La bebé Frances —o Fanny, como todos la llamaban—, tenía apenas seis semanas de vida cuando quedó ciega.
Un día, podía ver, y al siguiente…
ya no podía.
Sin embargo, sí podía sentir el calor de los mimos de su mamá y oler su agradable perfume. Podía escuchar cómo sus hermanas cantaban y saborear la dulzura de una fruta. Y, para Fanny, eso era sufciente.
Porque no solo era una niña alegre, que siempre estaba buscando razones para dar gracias, sino que Fanny era extremada, increíble y sorprendentemente…
¡inteligente!
A los diez años, Fanny ya había memorizado ocho libros de la Biblia. Sabía tejer, trepar, jugar deportes y escribir poesía.
«Qué lástima que no puedas ver», solía decirle la gente. Pero Fanny no habría cambiado su situación.
«Lo primero que verán mis ojos será el rostro de Jesús en el cielo», respondía. Y esto la llenaba de gozo.
Cuando a Fanny le ofrecieron un lugar en una escuela para niños ciegos en Nueva York, ¡se emocionó mucho! Y aunque extrañaba a su familia, disfrutaba de estar con otros niños como ella.
Juntos, hacían toda clase de travesuras, como la noche en la que se metieron a escondidas en la huerta de la escuela para una pícara merienda de media noche.

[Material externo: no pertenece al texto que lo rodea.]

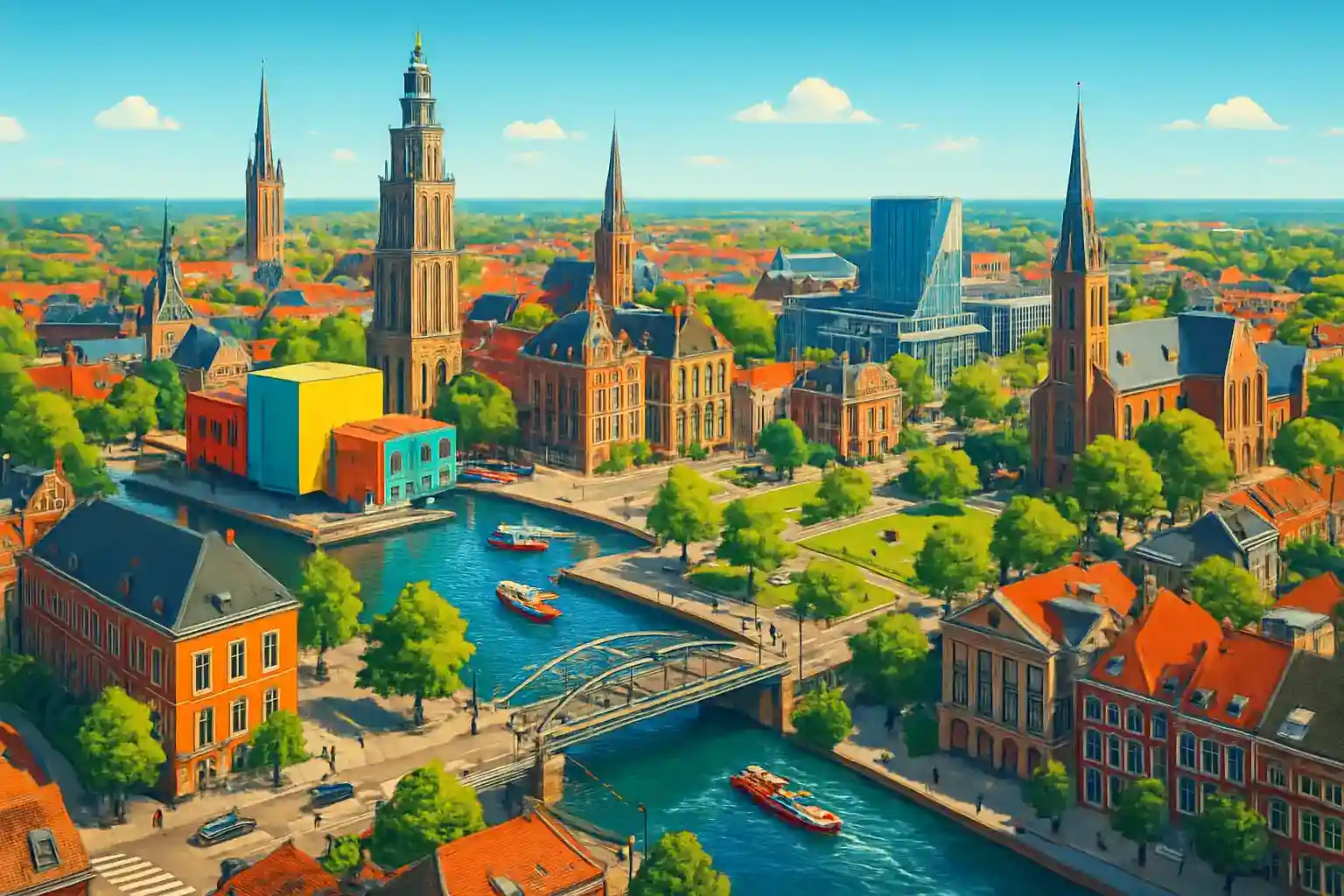 L'aeroporto di Groningen Eelde (GRQ) dista 25 km a sud dal centro di Groningen e ha 3 società di noleggio in loco per un ritiro auto agevole subito dopo l'arrivo. L'aeroporto gestisce voli charter e regionali ed è un'alternativa pratica a Schiphol per i viaggiatori verso l'Olanda settentrionale. Da qui raggiungi Groningen, il Drenthe e la Frisia senza deviazioni.

En la escuela, Fanny practicaba su poesía, y escribía hermosos versos que compartía con sus amigos y familiares.
«¡Qué gran poetisa eres, Fanny!», le decían.
Entonces, una noche, tuvo un sueño.
En su sueño, Fanny seguía una estrella grande y brillante que la llevaba hasta las puertas del cielo.
«¿Puedo entrar?», preguntó.
«Todavía no, Fanny», respondió una voz.
«Pero abriré las puertas un poquito, para que puedas escuchar un estallido de música eterna».